German writer and historian

Sebastian Bleisch (born 10 June 1957), real name Norbert Bleisch, is a German writer and film director of gay pornographic movies which feature in part underage actors.

==Life==
Born in Schwerin in the former East Germany, Norbert Bleisch was the second child of the Bleisch family. His father was a local official and his mother was a homemaker. Bleisch was raised Catholic by his mother, attending religious school twice a week for ten years as well as Sunday mass. He spent his childhood mostly in his own company, and when he came into puberty at an early age he knew nothing about sexual matters. He secretly enjoyed watching his friends when they went skinny-dipping; however, the shy boy did not participate. At 19 he often participated in competitive cycling, and at that time he had a heavy crush on a 14-year-old boy who was among his fellow cyclists.

Bleisch was a skilled plasterwork professional and worked as musician, theatrical stagehand, nurse and lifeguard. He became known in East Germany with his first book, Kontrollverlust. In April 1991 he was awarded the Alfred Döblin Achievement Award for Viertes Deutschland.

In 2004 Bleisch changed his last name to that of his wife and has since been published as Norbert Leithold.

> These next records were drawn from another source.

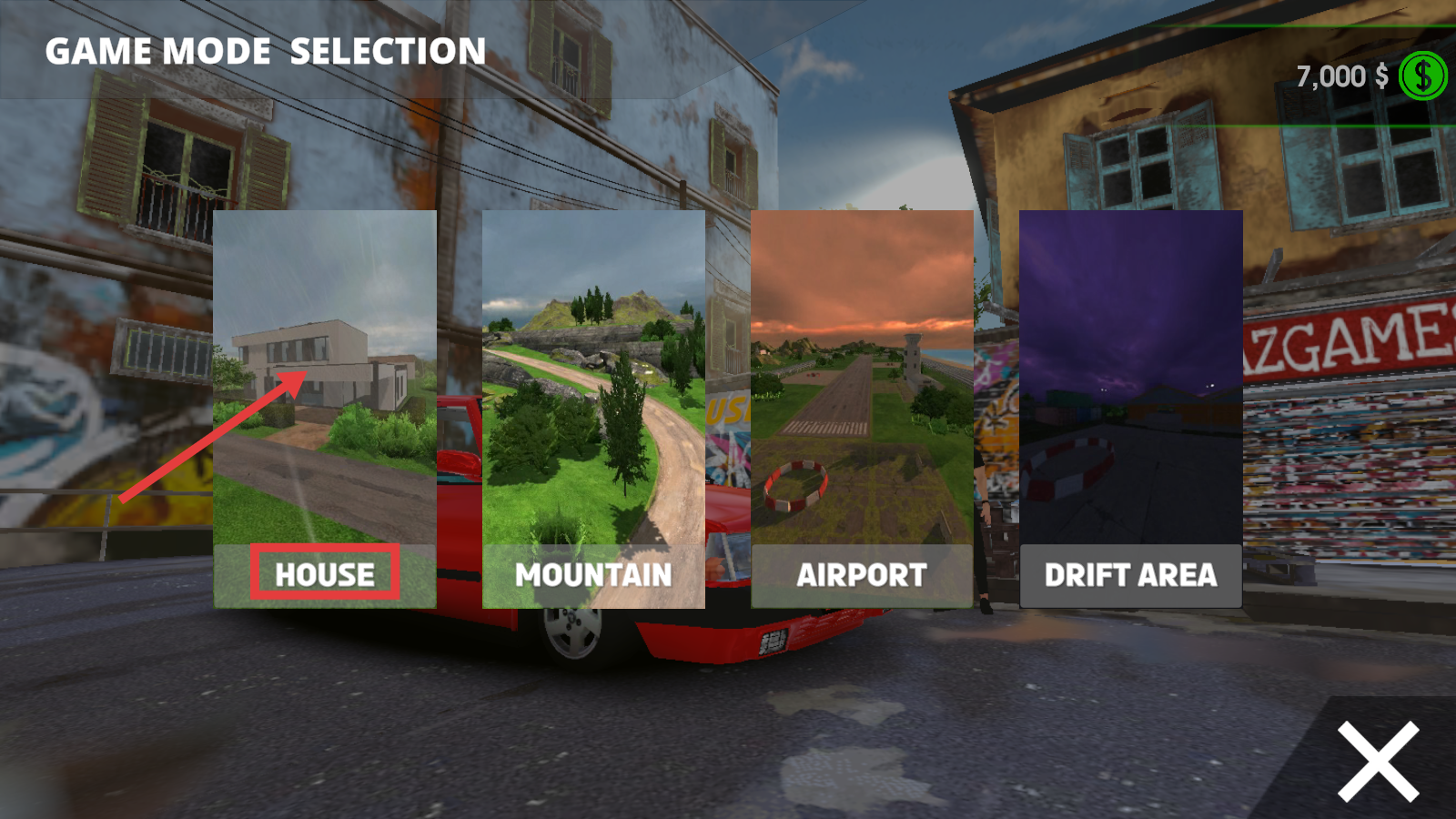 2、在【GAMEMODESELECTION】界面,可选择【HOUSE】等场景模式,进入对应驾驶环境。
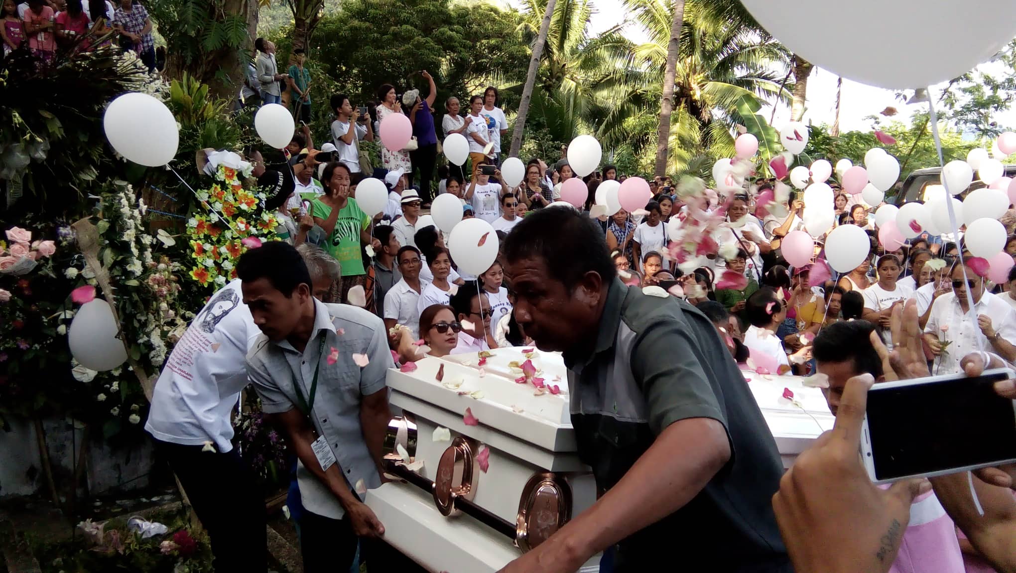 Napuno ng mga nakakulay puting taga-suporta at nagmamahal sa pamilya Madrona ang Bachawan Public Cemetery sa San Agustin, Romblon kung saan inilibing si Gng. Madrona o mas nakilala rin sa tawag na 'Momsie'.
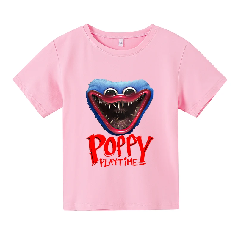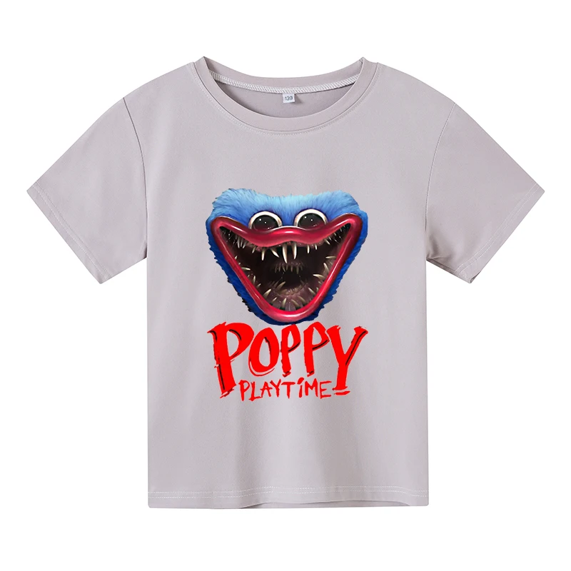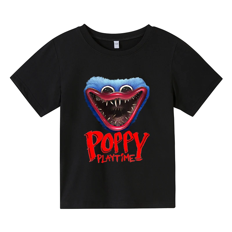 Новинка, летняя хлопковая детская футболка Huggy Wuggy с принтом ужасов и мака, универсальная Футболка большого размера с круглым вырезом и коротким рукавом для девочек и мальчиков

===Arrest and conviction===
Bleisch's filming career came to an abrupt halt when he was arrested on 16 September 1996 during the filming of five boys being intimate in a hangar in Ludwigslust. Some of the parents of Bleisch's models had become suspicious about their sons' activities with the director and the police had initiated a criminal investigation. On 20 May 1997 Sebastian Bleisch was sentenced to two-and-a-half years' detention by the regional court in Schwerin for having used adolescents who were still under 16 years old in the 60 or so pornographic films he had directed since 1990. He evaded conviction on more serious charges, however, after the defence showed that the boys had approached Bleisch willingly and no psychological harm had occurred. While Bleisch served his sentence in the Bützow Penal Institution he wrote a trilogy of novels for which a publisher has not yet been found.

== Works ==

=== Books ===
- Kontrollverlust (Loss of Control), Hinstorff Verlag, Rostock 1988, ISBN 3-356-00216-3;
Paperback: Bertelsmann Vlg., München 1989, ISBN 3-570-09323-9
- Lord Müll (Lord Waste), Hinstorff Verlag, Rostock 1990, ISBN 3-356-00293-7
- Viertes Deutschland (A Fourth Germany), Suhrkamp Verlag, Frankfurt am Main 1992. ISBN 3-518-11719-X
- "Anna". In: Andreas Neumeister, Marcel Hartges (Eds.): Poetry! Slam! Texte der Pop-Fraktion. Rowohlt Verlag, 1996. ISBN 3-499-13736-4

=== Movies ===
- Die Knabenburg ("The Boy Castle")
- Pfadfinderschlacht ("The Battle of the Boy Scouts")
- Das Schloß der geilen Boys ("The Palace of the Horny Boys")
- Der Bücherwurm ("The Book Worm")
- Leiche gesucht ("Missing Corpse")
- Manuel 1,2
- Der Maulheld ("The Big Mouth")
- Der Mörder ist nicht der Gärtner ("The Murderer is not the Gardener")
- Steinzeitbengel ("Stoneage Boys")
- Der Giftzwerg ("The Poison Dwarf")

Bleisch has also directed 9 volumes in the series New Golden Boys.

== Literature ==
- Frank Goyke and Andreas Schmidt: Der Oscar Wilde von Schwerin. Chronik der Pornoaffäre Sebastian Bleisch, Schwarzkopf und Schwarzkopf Verlag, Berlin 1998, ISBN 3-89602-145-1
- Ingo Niermann: Minusvisionen. Unternehmer ohne Geld. Protokolle, Suhrkamp Verlag, Frankfurt am Main 2003. ISBN 3-518-12327-0 (contains discussion minutes with "Norbert B.")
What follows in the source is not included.